Kelleher’s advice: make friends with local experts and technicians with direct access to mass spectrometers, as a thorough analysis will take time. Still, he says, the mass spec itself is not to be underestimated.
"For mass accuracy, the high end is the FTMS, the Porsche if you will," he says. "The middle performer is time-of-flight—a Lexus. And then you have your standalone ion traps, which are like a Honda in terms of resolving power, but acquire data very quickly."

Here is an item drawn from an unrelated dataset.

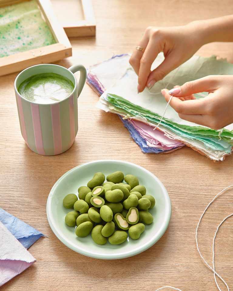 Contenu :Noix de cajou et amandes enrobées au chocolat et à la saveur matcha

Each level of sophistication (and cost), Kelleher says, provides about a 10-fold improvement in typical mass accuracy, from 0.1 Da for an ion trap, to 0.001 Da for the FTMS—enough to distinguish modifications (such as phosphorylation vs. sulfonation or acetylation vs. trimethylation), which differ by just a few milliDaltons.
"You want to get the best mass accuracy you can afford," he says. "That's most of what you are buying."
References:
1Witze ES et al., “Mapping protein post-translational modifications with mass spectrometry,” Nature Methods, 4(10):798–806, 2007.
2Olsen JV et al, “Higher-energy C-trap dissociation for peptide modification analysis,” Nature Methods, 4(9):709–12, 2007.